School safety

Fencing projects beginning this month are scheduled to improve school safety with one point of entry for each school campus by the start of the 2019-2020 school year.

SEBRING — The new year with a new governor and new education commissioner will bring a continued focus on school safety with a recently released state commission report stating school safety needs to be improved.

In Highlands County, improving school safety has been an ongoing endeavor between the cooperative efforts of The School Board of Highlands County and the Highlands County Sheriff’s Office. Those safety efforts were increased after the Feb. 14, 2018 school shooting at Marjory Stoneman Douglas High School.

The Marjory Stoneman Douglas High School Public Safety Commission issued its initial report on Jan. 2 on the school shooting and the safety/security efforts in Florida schools.

Superintendent Brenda Longshore said, “We certainly have been following the commission’s report. It will have an impact on some legislation this upcoming year. There are a number of the recommendations that we are already doing.”

The district has moved forward with fencing projects, which begin this month so that by the beginning of the 2019-2020 school year all of the campuses should have a single point of entry, she said.

Deputy Superintendent Andrew Lethbridge, Assistant Superintendent of Business Operations Mike Averyt, Facilities Director Frank Brown, the Highlands County Sheriff’s Office and herself have reviewed every campus and the School Board has approved the fencing projects.

“The community will see some movement at our campuses as they work on each campus and what we need in fencing to ensure that we have a single point of entry by the beginning of the 2019-2020 school year,” Longshore said.

At the state level, Longshore said she hopes there will be an effort to fully fund the school resource officers.

The preface of the Marjory Stoneman Douglas High School Public Safety Commission report states: “School safety in Florida needs to be improved. We can do more and we can do a better job of ensuring the safety of students and staff on K-12 school campuses. Not all school security changes or enhancements have financial costs, and some only require the will of decision makers to effect change and hold people responsible for implementing best practices.
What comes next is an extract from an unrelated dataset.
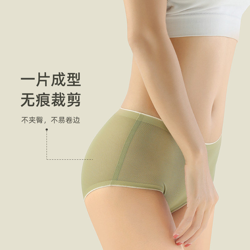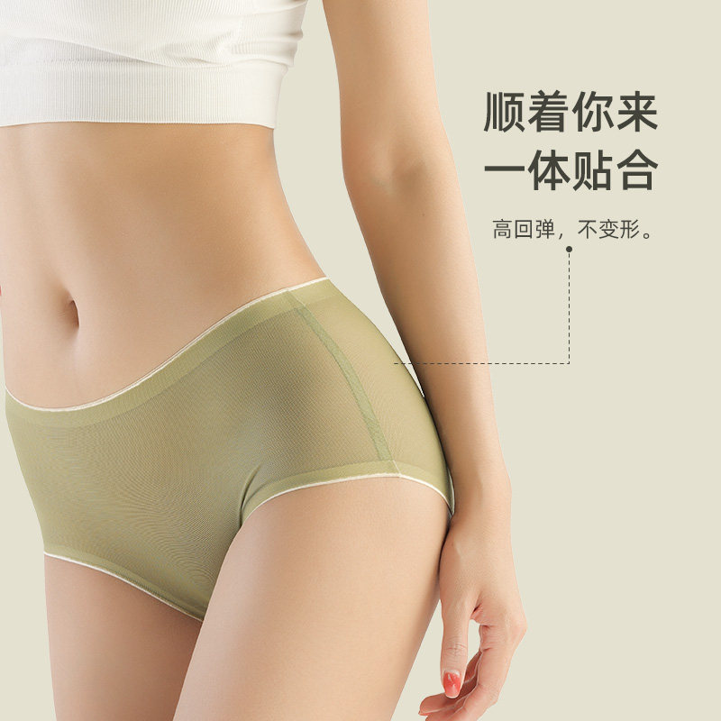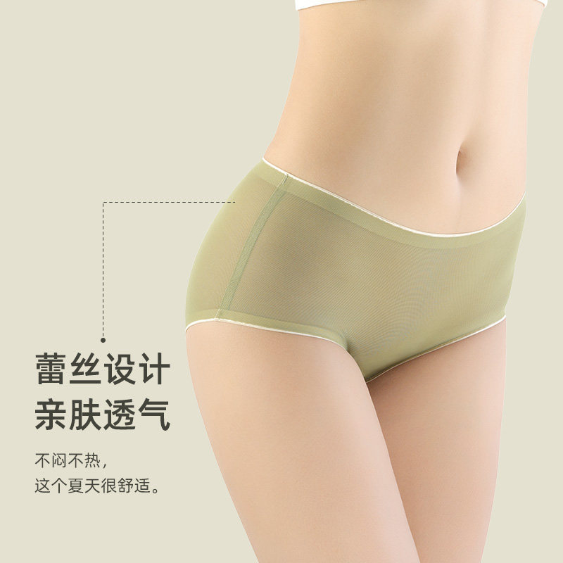 Lady Briefs Ice Silk Unscratched Mid Waist Pure Cotton Crotch Antibacterial One-Piece Triangular Shorts Teenage Girls Summer Girls Thin
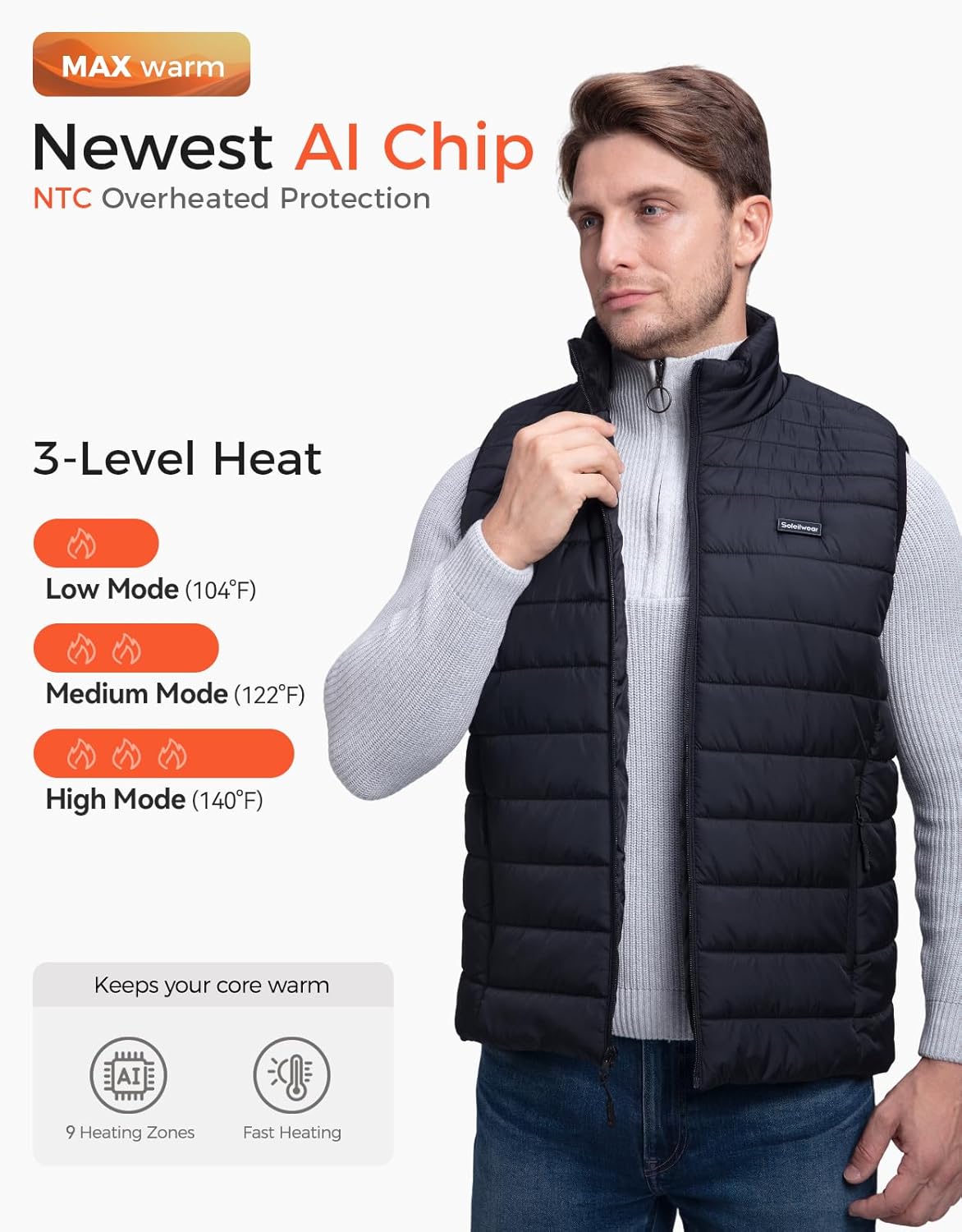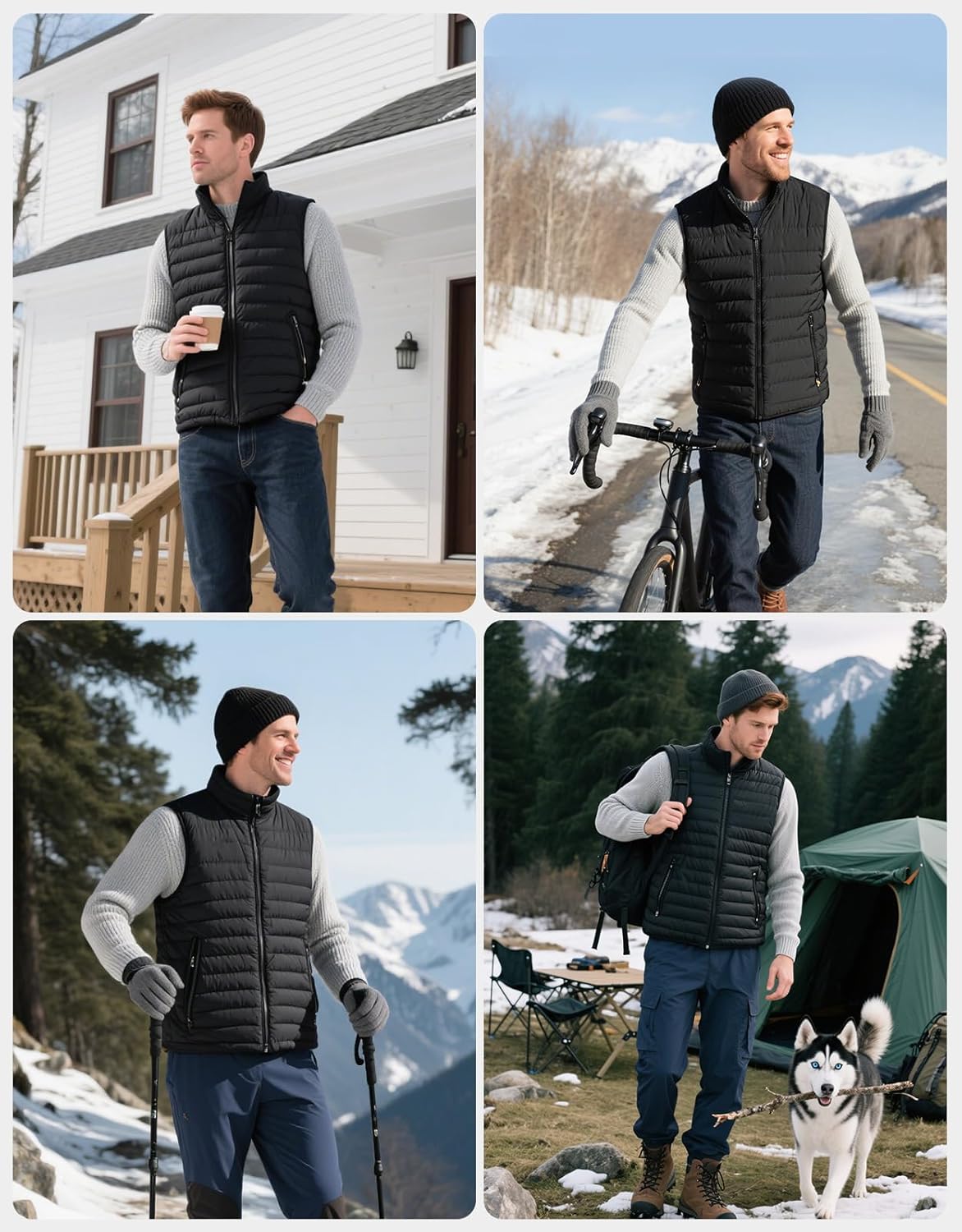 9 Heating Zones for Full-Body Warmth: Designed with 9 heating panels (collar, two long strips on the front, and two large zones on the back), this heated vest delivers even heat to key areas, keeping you warm and comfortable during indoor and outdoor activities like working, hiking, fishing, skiing, cycling, and camping.

“Safety and security accountability is lacking in schools, and that accountability is paramount for effective change if we expect a different result in the future than what occurred at Marjory Stoneman Douglas High School (MSDHS) on Feb. 14, 2018.

“While there were personal and system failures that culminated in the MSDHS shooting and contributed to its magnitude, it is important to be mindful that the one true ‘cause’ that resulted in 34 people being shot and/or killed, is Nikolas Cruz.

“As we set forth the failures and opportunities for improvement in this report, we must also recognize the many people who acted appropriately by reporting their observations (despite their reports not being acted upon), and the heroes of Feb. 14th who performed admirably, risked their own lives and saved the lives of others.”